Lecithin also appeared to have an effect on the microstructure in the samples containing only cocoa particles and cocoa butter. Figure 10(b) illustrates non-seeded samples with cocoa particles and lecithin forming rod-shaped crystals at first. However, after about 15 minutes at 14°C a homogenous fat network formed, observed at the top right of the micrographs (see the circle in Fig. 10(b).
To further understand the effect of lecithin on the kinetics of crystallization, more samples were produced where lecithin was added to pure cocoa butter and subjected to pre-crystallization. In the non-seeded pure cocoa butter, the lecithin itself acted as the seeding material (Fig. 12(a) where you can see small irregular spots from which the fat crystals develop). Compare this with the micrographs in Fig. 2(b-d) of non-seeded pure cocoa butter without lecithin, as well in Fig. 11(c).
Lecithin has an impact on both morphology and crystal growth rate. With the lecithin added, the non-seeded cocoa butter appeared to resemble the seeded cocoa butter with rapid crystal growth and numerous nucleation sites. In seeded pure cocoa butter, it was not possible to distinguish any significant effect from the addition of lecithin, since they already contained seeding materials (Fig. 12(b)).
There have been other reports of the seeding effect of PC (phosphatidylcholine) which is a phospholipid that makes up 15% the total fat content of lecithin. Since it has the tendency to form micelles in the HII mesophase (with polar heads facing the center, and non-polar parts oriented towards the exterior), it allows for a good foundation for the nucleation of fat crystals (Garti and Sato, 2001; Savage and Dimick, 1995). This suggests that the seeds inducing crystal growth in the non-seeded samples (Fig. 12(a)) are micelle structures of PC. However, other reports have contradicted these findings stating that lecithin delays cocoa butter crystallization (Dhonsi and Stapley, 2006).

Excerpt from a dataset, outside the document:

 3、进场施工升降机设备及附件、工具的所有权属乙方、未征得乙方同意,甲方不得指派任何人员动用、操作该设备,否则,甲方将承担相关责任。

For what was studied here, it can be concluded that lecithin (at a fraction of 0.5%) had a significant impact on crystal growth rate. The DSC measurements give additional indication of crystal polymorphs generated (see Figure 13(a)). Here one can see lecithin had an impact on the generation of higher stable β-polymorphs. It is unlikely that lecithin preferably nucleates higher stable fat crystal polymorph forms, but a more intensive nucleation and growth of fat crystals during cooling will provide more time for lower-melting polymorphs to transform into a higher stable form (α-form).
Conclusion
CLSM, DSC and image analysis were found to be a good way to evaluate the kinetics and morphology of cocoa butter crystallization in chocolate. Both the pre-crystallization technique (seeded or non-seeded) and the ingredients hand a pronounced impact on the crystallization and microstructure of all chocolate model systems.
Seeded samples formed multiple nucleation sites, which induced a rapid growth of crystals. This resulted in a more homogenous microstructure. The non-seeded samples displayed a more random structure, with some areas developing large spherical crystals while other parts gained a more heterogenous microstructure with large areas of liquid fat and small compact crystals.

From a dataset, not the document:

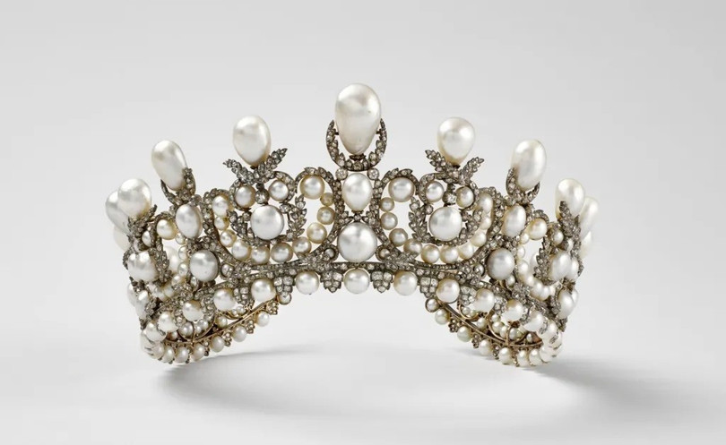 Mũ miện ngọc trai là món quà cưới của Vua Napoleon III tặng cô dâu là Hoàng hậu Eugénie năm 1853, đính 212 viên ngọc trai và 1.998 viên kim cương cùng 992 viên kim cương cắt kiểu hoa hồng.

Non-seeded samples containing cocoa particles induced the formation of rod-shaped crystals and resulted in a heterogeneous microstructure. For either seeded or non-seeded, sugar appeared to prolong the nucleation and growth of cocoa butter crystals as compared to cocoa particles. However, lecithin greatly enhanced the crystal growth rate in seeded and non-seeded samples with cocoa butter and sugar. Further studies are required to establish whether the effect of lecithin remains in commercial chocolate systems.